__Record excerpts__.
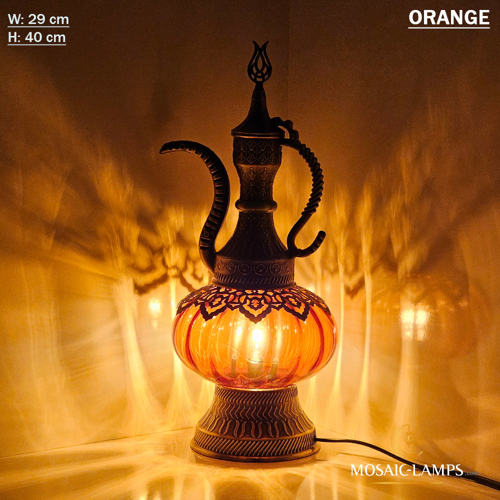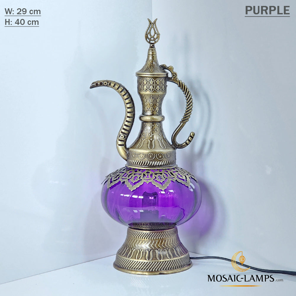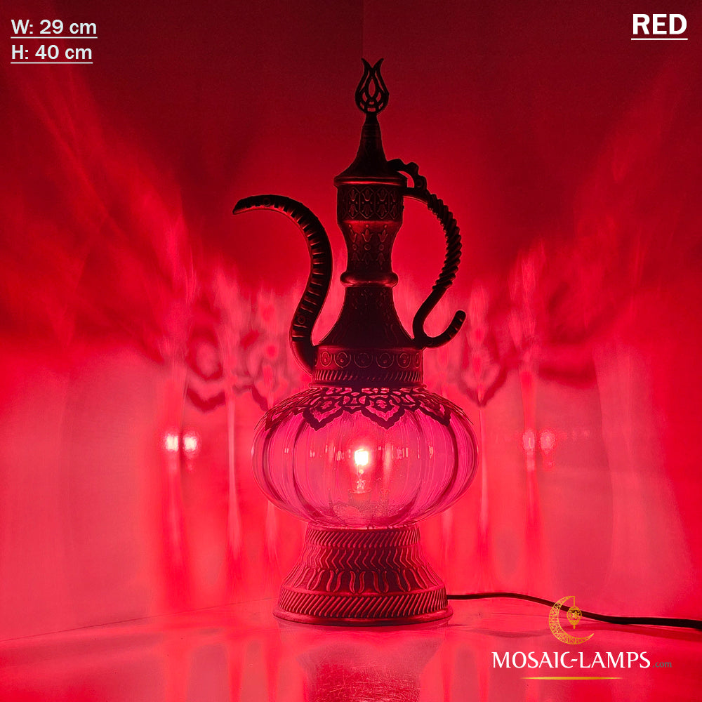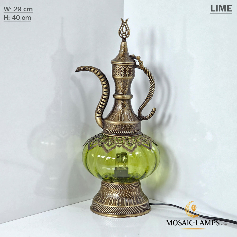 Optical Effect Glass Table Lamp, Handmade Ottoman Pitcher Table Lamp in 6 Different Colors, Nightstand Lamp Made of Clear Glass, Bedroom, Kids Room
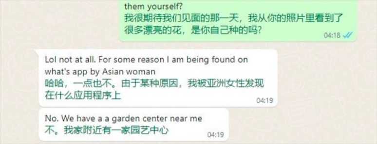 例如,在“聊天范例”中,詐騙人員偽裝的女性詢問(wèn)對(duì)方:“我從你的照片里看到了很多漂亮的花,是你自己種的嗎?”張先生說(shuō),其目的就是想判斷對(duì)方的居住環(huán)境。
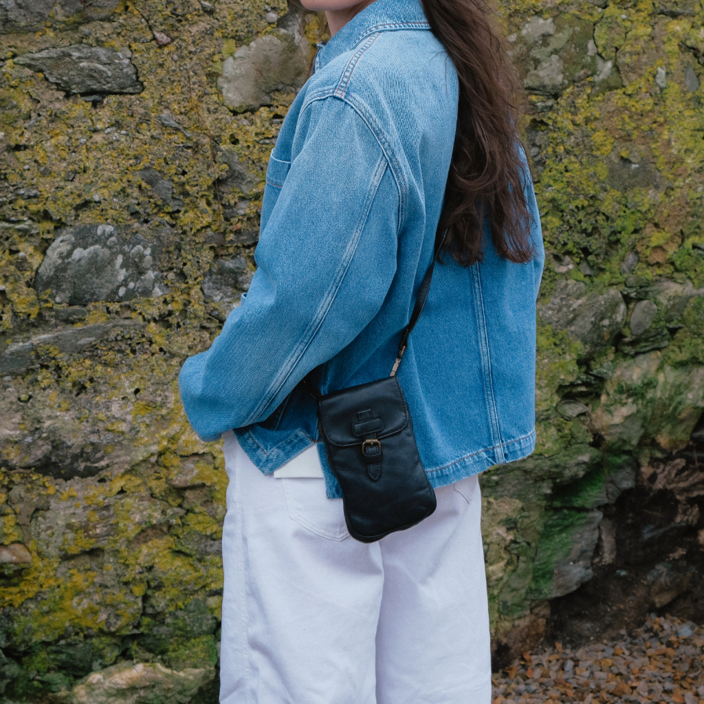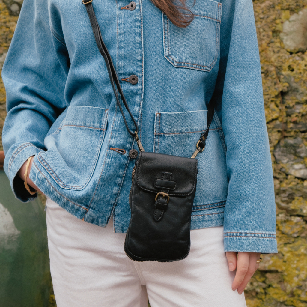 Compact crossbody leather pouch designed for everyday essentials. Features a front phone pocket, zip-around wallet at the back, and a concealed stud fastening. Removable strap and cotton twill lining.
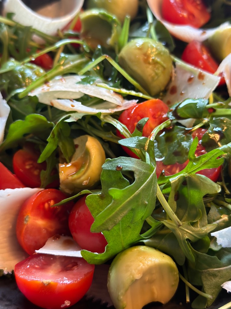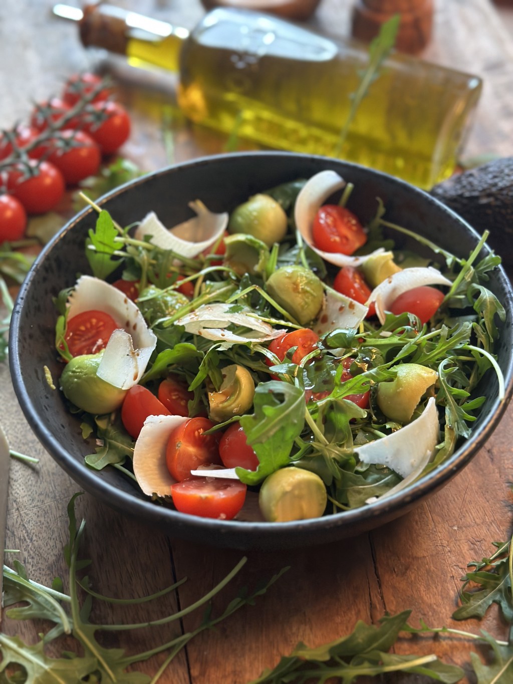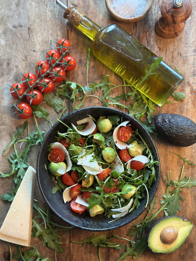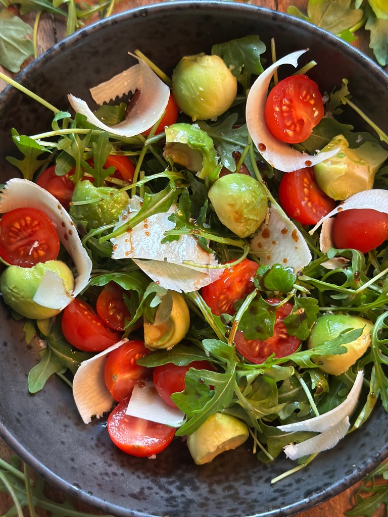 Her laver jeg min egen yndlings salat. Jeg kan ikke huske hvor jeg fik den første gang, men den har fulgt mig igennem mange år. Det er balancen imellem den bitre rucola som vel er den mest italienske af dem alle, de søde tomater med masser af umami. Parmesan som er umami og proteiner. Og endelig avocadoen som med sin cremet sunde fedme runder salaten fint af. Olivenolie og balsamico er eneste dressing. Og så smagt til med lidt flagesalt.
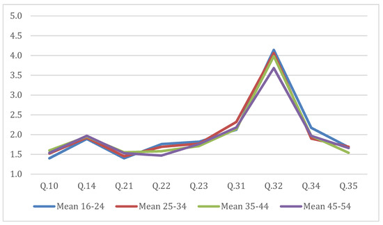 Moreover, the bivariate analysis revealed statistically significant differences in the difficulty women face in managerial and decision-making positions (Q10) (F (4, 994) = 7.06, p = 0.000), the assessment of women’s entrepreneurial capacity compared to men’s, based on women’s perception (Q14) (F (4, 991) = 2.79, p = 0.025), the equal motivation of men and women for ICT studies and careers (Q21) (F (4, 994) = 4.01, p = 0.003) the existence of a gender gap in both computer professions and new professions linked to new communication technology (Q22) (F (4, 992) = 8.74, p = 0.000), the under-representation of females in the ICT sector (Q23) (F (4, 990) = 2.68, p = 0.031), the level of competence in ICT skills (Q31) (F (5, 982) = 3.90, p = 0.004), the willingness to expand their knowledge in ICT (Q32) (F (4, 990) = 4.84, p = 0.001), the influence of social media on the professional profile (Q34) (F (4, 987) = 3.24, p = 0.012), and the significance of social media in business (Q35) (F (4, 986) = 3.80, p = 0.005) related to age (Figure 4).

__Task prompt__.
Copy each line above exactly, with no images.

__Response box__.
 Optical Effect Glass Table Lamp, Handmade Ottoman Pitcher Table Lamp in 6 Different Colors, Nightstand Lamp Made of Clear Glass, Bedroom, Kids Room
 例如,在“聊天范例”中,詐騙人員偽裝的女性詢問(wèn)對(duì)方:“我從你的照片里看到了很多漂亮的花,是你自己種的嗎?”張先生說(shuō),其目的就是想判斷對(duì)方的居住環(huán)境。
 Compact crossbody leather pouch designed for everyday essentials. Features a front phone pocket, zip-around wallet at the back, and a concealed stud fastening. Removable strap and cotton twill lining.
 Her laver jeg min egen yndlings salat. Jeg kan ikke huske hvor jeg fik den første gang, men den har fulgt mig igennem mange år. Det er balancen imellem den bitre rucola som vel er den mest italienske af dem alle, de søde tomater med masser af umami. Parmesan som er umami og proteiner. Og endelig avocadoen som med sin cremet sunde fedme runder salaten fint af. Olivenolie og balsamico er eneste dressing. Og så smagt til med lidt flagesalt.
 Moreover, the bivariate analysis revealed statistically significant differences in the difficulty women face in managerial and decision-making positions (Q10) (F (4, 994) = 7.06, p = 0.000), the assessment of women’s entrepreneurial capacity compared to men’s, based on women’s perception (Q14) (F (4, 991) = 2.79, p = 0.025), the equal motivation of men and women for ICT studies and careers (Q21) (F (4, 994) = 4.01, p = 0.003) the existence of a gender gap in both computer professions and new professions linked to new communication technology (Q22) (F (4, 992) = 8.74, p = 0.000), the under-representation of females in the ICT sector (Q23) (F (4, 990) = 2.68, p = 0.031), the level of competence in ICT skills (Q31) (F (5, 982) = 3.90, p = 0.004), the willingness to expand their knowledge in ICT (Q32) (F (4, 990) = 4.84, p = 0.001), the influence of social media on the professional profile (Q34) (F (4, 987) = 3.24, p = 0.012), and the significance of social media in business (Q35) (F (4, 986) = 3.80, p = 0.005) related to age (Figure 4).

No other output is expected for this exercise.